Southend Swimming & Diving Centre at Southend Leisure & Tennis Centre.

Southend Leisure & Tennis Centre is a sports centre located in Southend-on-Sea, Essex, England. The centre was built in March 1996 and expanded in November 2010, adding Southend Swimming and Diving Centre to the site, with a new reception area linking the two centres together with self-swiping turnstiles. The site's main name remained as Southend Leisure & Tennis Centre with the addition of Southend Swimming and Diving Centre. The centre is also known as Garon Park, as the buildings sit within the park site.

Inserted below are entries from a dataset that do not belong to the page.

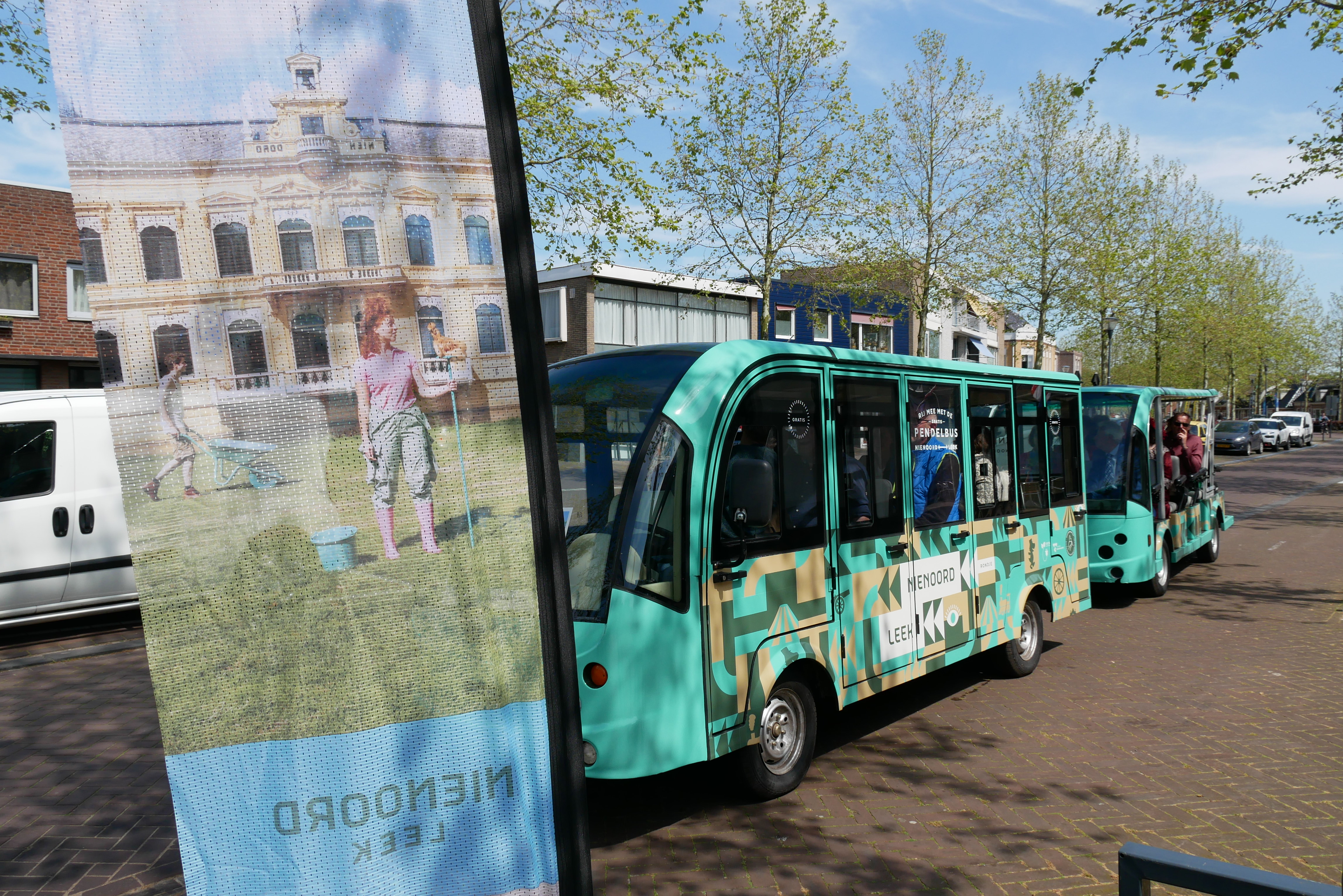 De pendelbus vertrekt ieder heel uur vanaf het Infocentrum Nienoord om de lange route in circa 40 minuten (kleur groen op de kaart) te rijden over het Landgoed Nienoord en een deel van het centrum van Leek.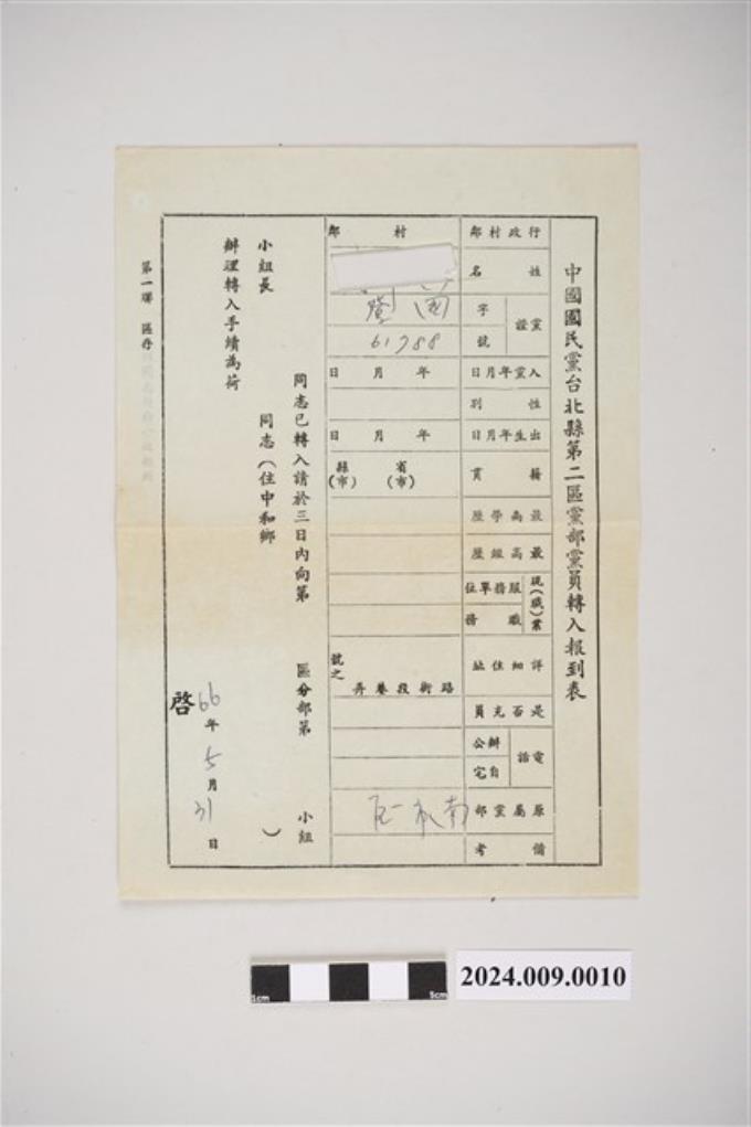 中華民國66年5月31日中國國民黨台北縣第二區黨部黨員轉入報到表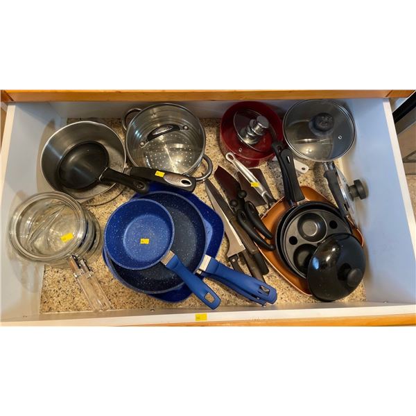 Entire Contents Of Drawer - Non Stick Frying Pans, Pots, Knife Set & More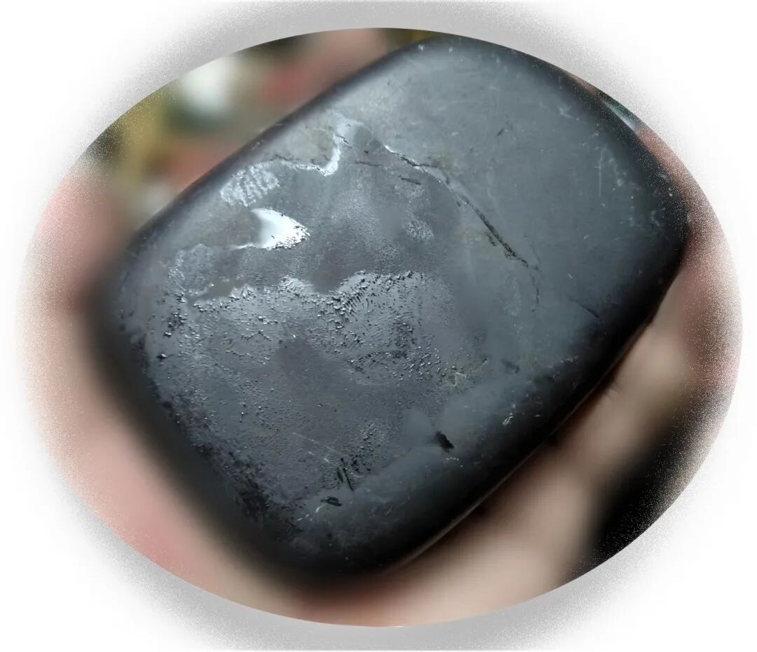 老坑石。砚形如螺蚌,螺身的砚堂可磨墨,螺口的涡形池可用作舔笔。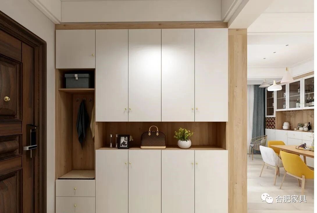 一进门就是客厅的,没个玄关柜是不行的,鞋子整理不好,进门就尴尬!平底靠边设计玄关柜,出门上班回来开门换鞋停一会,放下包,脱下外套大衣挂起,换双卧鞋,这才是回家的感觉,卸下工作的疲惫,回家放松心情!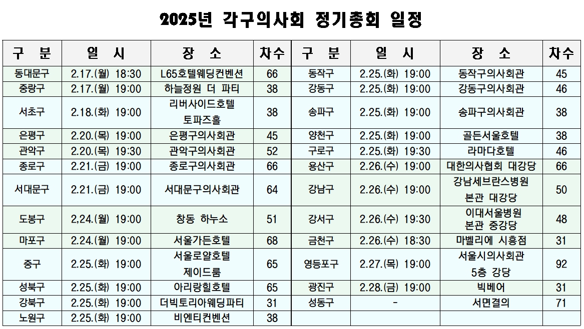 동대문구의사회는 2월17일(월) 오후 6시30분 L65호텔웨딩컨벤션에서 정기총회를 개최하며, 같은 날 중랑구의사회는 오후 7시 하늘정원 더 파티에서 열린다. 서초구의사회는 2월18일(화) 오후 7시 리버사이드호텔 토파즈홀에서 개최된다. 은평구의사회와 관악구의사회는 2월20일(목) 오후 7시30분에 각각 은평구의사회관과 관악구의사회관에서 총회를 연다. 종로구와 서대문구의사회는 2월21일(금) 오후 7시에 종로구의사회관과 서대문구의사회관에서 진행한다.

The centre is run by Fusion Lifestyle.

===Facilities===
The Leisure Centre offers the following facilities:

- Expressions Gym
- Group Fitness Studio
- Sauna, Steam Room & Spa
- 4 Indoor Tennis Courts
- 8 Court Sports Hall
  - 2 Court Secondary Hall
- 3 Basketball Courts British Basketball League Standard
- Fully Flood-Lit:
  - 8 lane Olympic size Athletics Track
  - 4 Outdoor Tennis Courts
  - 4 Outdoor Netball Courts
- Cappuccino Bar & Cafe
- Small Steps Day Nursery
- Function Rooms & Suites
- Spectator seating & Disabled access for:
  - 25m Swimming Pool
  - Fun Pool & Slide
  - Olympic Diving Facility

===Regular hosts===
Each year, Southend Leisure & Tennis Centre hosts regular users and events:

- The Olympic size Athletics Track has been the host for Southend-on-Sea Athletic Club since 1994. The track itself was refurbished in 2011.
- The 8 Court Main Hall hosts events such as wrestling and cage fighting events in the Ultimate Warrior Challenge .
- The centre was home to the British Basketball League team the Essex Pirates.

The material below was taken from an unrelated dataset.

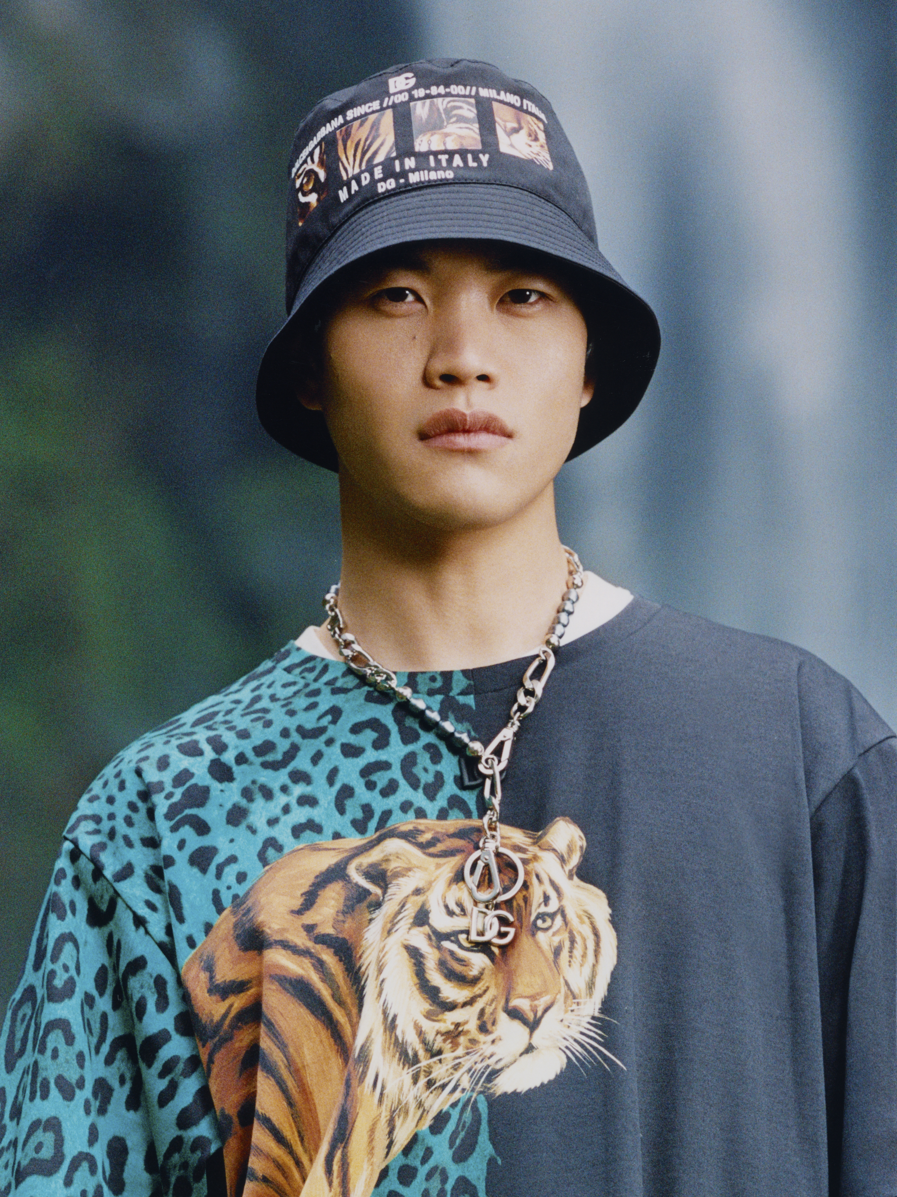 The iconic Dolce&Gabbana leopard print intertwines with the tiger pattern in different colours, enriched by an exquisite drawing of tigers with their noble and fi erce look The special prints are transposed into unique looks for Men, Women and Kids -- these are precious examples of craftsmanship and true love for Fatto a Mano which characterizes each Dolce&Gabbana creation.

===Olympic training ground===
After resurfacing & refurbishment of the athletics track in 2011, the site was proposed to be used as an Olympic Training Ground for the London 2012 Summer Olympics in the following sports:
- Athletics
- Basketball
- Diving

==Controversy==
In 2024, local campaigners claimed that the Garon Park Community Interest Company were committing "uncontrolled development" at the park, with the flattening of wild spaces for extra 3G football pitches. The company however stated that work would not start until planning permission was received, and that the extra facilities were to meet the needs of grassroots teams, colleges and charities. Southend-on-Sea City Council stated that they had "an open ongoing planning enforcement investigation into the concerns raised".

In June 2025, Southend-on-Sea City Council gave permission to revised plans, including redeveloping unused grass netball courts and dropping plans to close access to a pathway used by local residents. The plans included a new 3g pitch, cafe and storage area.